A multicenter phase II study of preoperative chemoradiotherapy with S-1 plus oxaliplatin for locally advanced rectal cancer (SHOGUN trial).

作者信息

Matsusaka Satoshi, Ishihara Soichiro, Kondo Keisaku, Horie Hisanaga, Uehara Keisuke, Oguchi Masahiko, Murofushi Keiko, Ueno Masashi, Mizunuma Nobuyuki, Shimbo Taiju, Kato Daiki, Okuda Junji, Hashiguchi Yojiro, Nakazawa Masanori, Sunami Eiji, Kawai Kazushige, Yamashita Hideomi, Okada Tohru, Ishikawa Yuichi, Nakajima Toshifusa, Watanabe Toshiaki

机构信息

Department of Gastroenterology, Cancer Institute Hospital, Koto-ku, Japan.

Department of Surgical Oncology, University of Tokyo, Bunkyo-ku, Japan.

出版信息

Radiother Oncol. 2015 Aug;116(2):209-13. doi: 10.1016/j.radonc.2015.08.002. Epub 2015 Aug 31.

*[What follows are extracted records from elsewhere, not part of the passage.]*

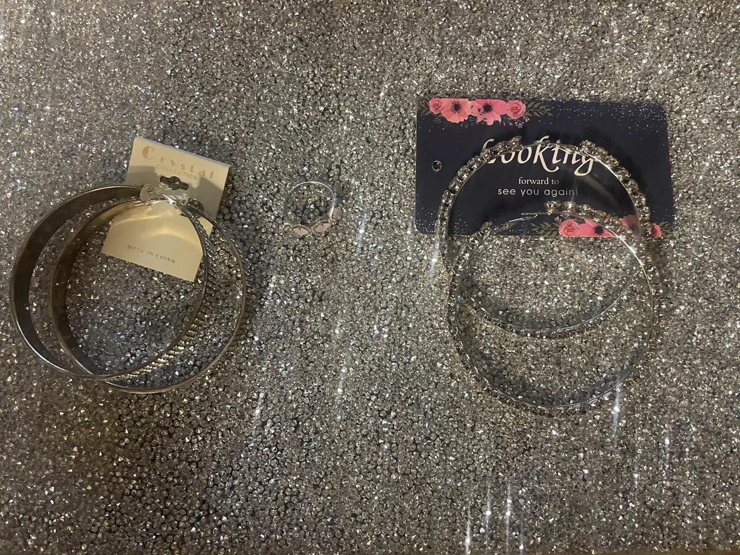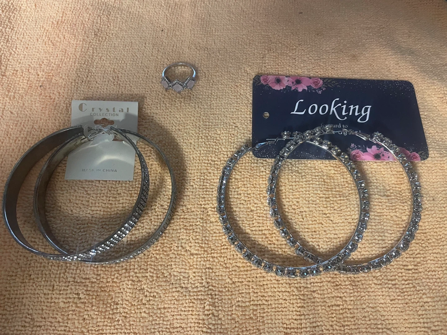 Two pairs of hoop earrings and one ring are included. One pair of hoops is plain silver-tone. The other pair of hoops is decorated with rhinestones. The ring has three square-cut stones. Made in China.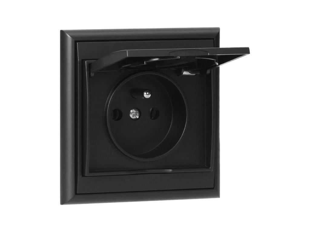 Samostatná francúzska zásuvka typu 2P+E, odolná voči poveternostným podmienkam s krytom. Určená na zapustenú montáž. Je určená na použitie v interiéri (IP20).
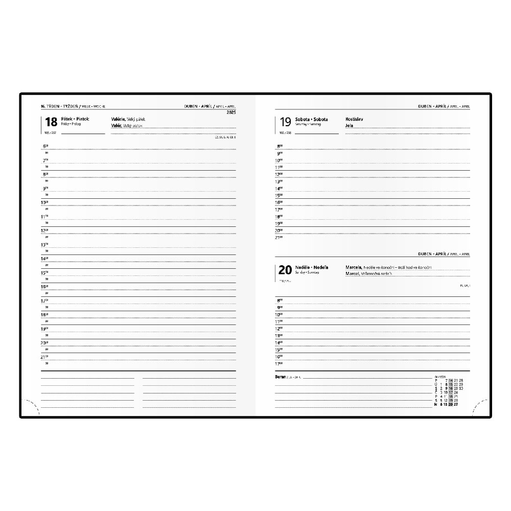 Denný diár 2025 Adam Vivella extra B6 - tmavo zelená - Paprade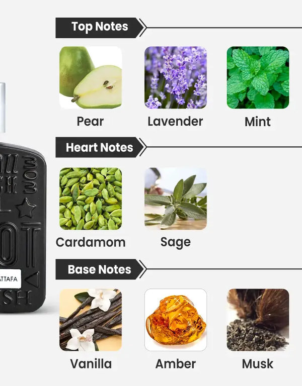 The fragrance opens with pear, bergamot, mint, and lavender, delivering a lively, invigorating burst. The heart reveals sage and cardamom, adding aromatic depth and masculine spice. Finally, the base settles into vanilla, amber, musk, and patchouli, creating a warm, sensual, and long-lasting finish.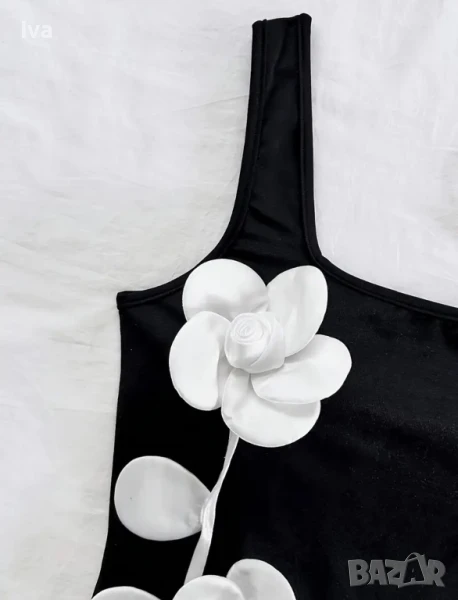 Черна рокля с 3D цветя S и М размер– елегантност и романтика в едно → Обява 51372796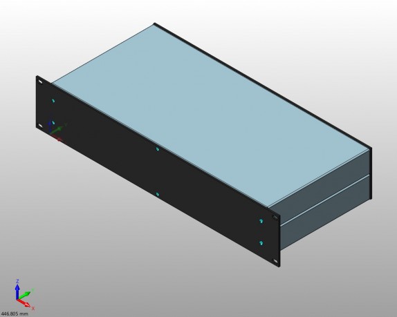 Panel przedni(3mm≠) oraz tylni(1.5mm≠) są wykonane z blachy aluminiowej lakierowany proszkowo na czarno.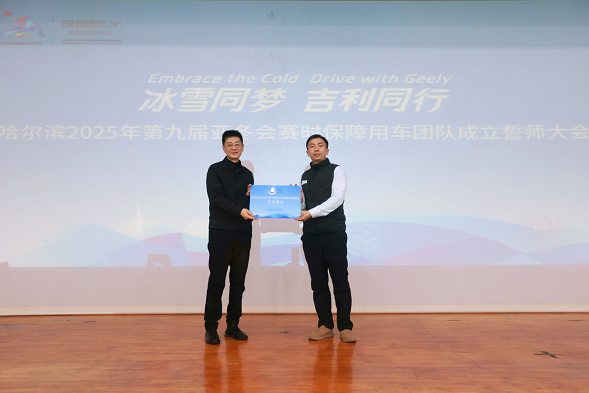在莊重而熱烈的氛圍中,現(xiàn)場隆重舉行了乘用車保障團隊授旗儀式。駕駛員們整齊列隊,許下了鄭重的承諾:“精準調(diào)度,安全駕駛,嚴格守時,真情服務(wù)。高效整備,細致維護,保障有力,穩(wěn)健運行。全力實現(xiàn):零投訴、零延誤、零事故。用真情護航,用智慧開道,冰雪同夢,吉利同行。”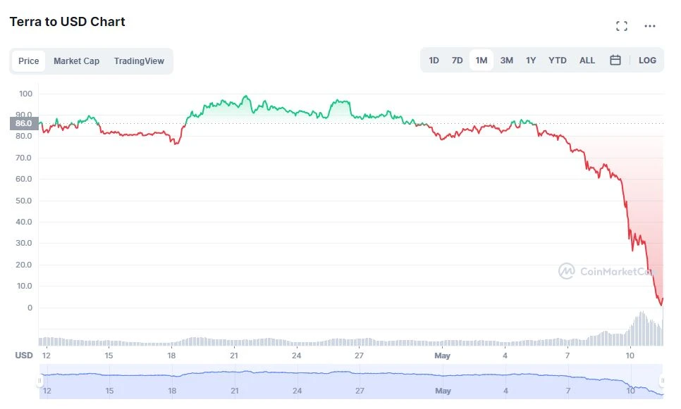 Nachdem der algorithmische Stablecoin TerraUSD (UST) jüngst die Koppelung an sein 1-Dollar-Ziel verloren hatte, steht das Projekt vor dem Aus. Das hat auch unmittelbare Folgen für den Schwerster-Coin Terra (LUNA), der eigentlich für Stabilität und Liquidität sorgen soll. Der Kurs von LUNA bricht alleine am heutigen Tag um bis zu 95 Prozent ein.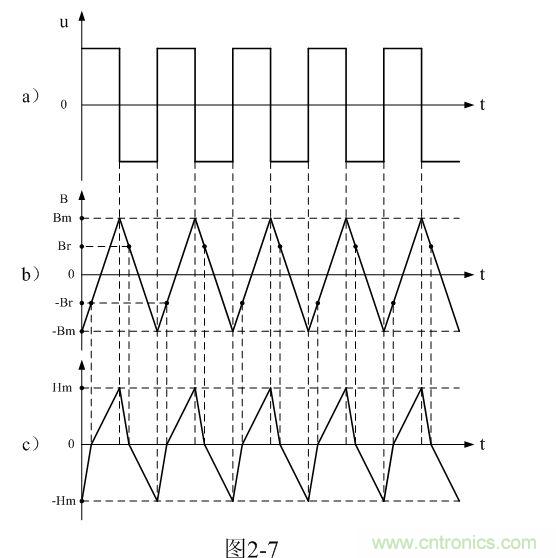 從圖2-7-a)和圖2-7-b)可以看出,每輸入一個(gè)交流脈沖電壓,變壓器鐵芯中的磁感應(yīng)強(qiáng)度B或磁通就要線性增長(zhǎng)和下降一次,磁感應(yīng)強(qiáng)度變化的范圍是從負(fù)的最大值-Bm到正的最大值Bm,并且增長(zhǎng)和下降的速率基本一樣。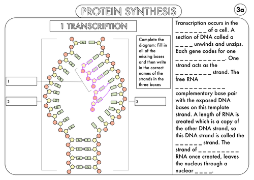 DOC Protein Synthesis Worksheet PROTEIN SYNTHESIS WORKSHEET. PART A. Read the following: Protein synthesis is the process used by the body to make proteins. The first step of protein synthesis is called Transcription. It occurs in the nucleus. During transcription, mRNA transcribes (copies) DNA. DNA is "unzipped" and the mRNA strand copies a strand of DNA.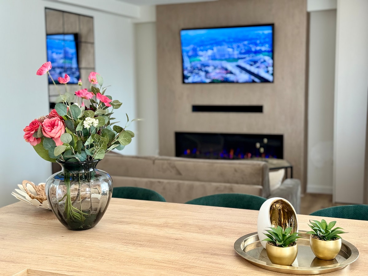 Apartamentul este compus dintr-un dormitor cu pat matrimonial și un living dotat cu canapea extensibilă. Oaspeții beneficiază de Smart TV cu Netflix inclus. Baia este echipată cu duș, iar bucătăria este complet utilată. În apartament veți mai găsi uscător de păr, fier de călcat și masă de călcat, precum și prosoape și lenjerie curate. De asemenea, sunt disponibile papuci de casă de unică folosință.. Apartamentul este situat la etajul 4 și este dotat cu aer condiționat.

DOI:10.1016/j.radonc.2015.08.002
PMID:26337743
Abstract

PURPOSE

This study was designed to evaluate the safety and efficacy of adding oxaliplatin to preoperative chemoradiotherapy (CRT) with S-1 in patients with locally advanced rectal carcinoma (LARC).

PATIENTS AND METHODS

This was a multicenter phase II study in patients with histologically proven clinical stage T3 or T4 (any N, M0) LARC. Patients preoperatively received oral S-1 (80 mg/m(2)/day on days 1-5, 8-12, 22-27, and 29-33) and infusional oxaliplatin (60 mg/m(2) days on 1, 8, 22, and 29) plus radiotherapy (50.4 Gy), with a chemotherapy gap in the third week of radiotherapy. Pathological complete response (pCR) was the primary endpoint. Secondary endpoints included toxicity, compliance, R0 resection rate, and downstaging rate.

RESULTS

A total of 45 patients were enrolled at six centers in Japan. All 45 patients received CRT, and 44 underwent operation. A pCR was achieved in 12 (27.3%) of the 44 patients who underwent surgery. Near-total tumor regression was confirmed in 47.7%. There were no grade 4 adverse events, and 11.1% of the patients had grade 3 adverse events. R0 resection was achieved in 95.5% of the patients.

CONCLUSION

Preoperative CRT with S-1 plus oxaliplatin had a high pCR rate and a favorable toxicity profile.

摘要

目的

本研究旨在评估在局部晚期直肠癌(LARC)患者中,术前同步放化疗(CRT)联合S-1方案加用奥沙利铂的安全性和有效性。

患者与方法

这是一项针对组织学确诊为临床分期T3或T4(任何N,M0)的LARC患者的多中心II期研究。患者术前接受口服S-1(第1 - 5天、8 - 12天、22 - 27天和29 - 33天,80 mg/m²/天)、静脉滴注奥沙利铂(第1、8、22和29天,60 mg/m²)以及放疗(50.4 Gy),放疗第三周有化疗间歇期。病理完全缓解(pCR)是主要终点。次要终点包括毒性、依从性、R0切除率和降期率。

结果

日本六个中心共纳入45例患者。所有45例患者均接受了CRT,44例接受了手术。44例接受手术的患者中有12例(27.3%)达到pCR。47.7%的患者确认肿瘤接近完全消退。无4级不良事件发生,11.1%的患者发生3级不良事件。95.5%的患者实现了R0切除。

结论

术前CRT联合S-1加奥沙利铂具有较高的pCR率和良好的毒性特征。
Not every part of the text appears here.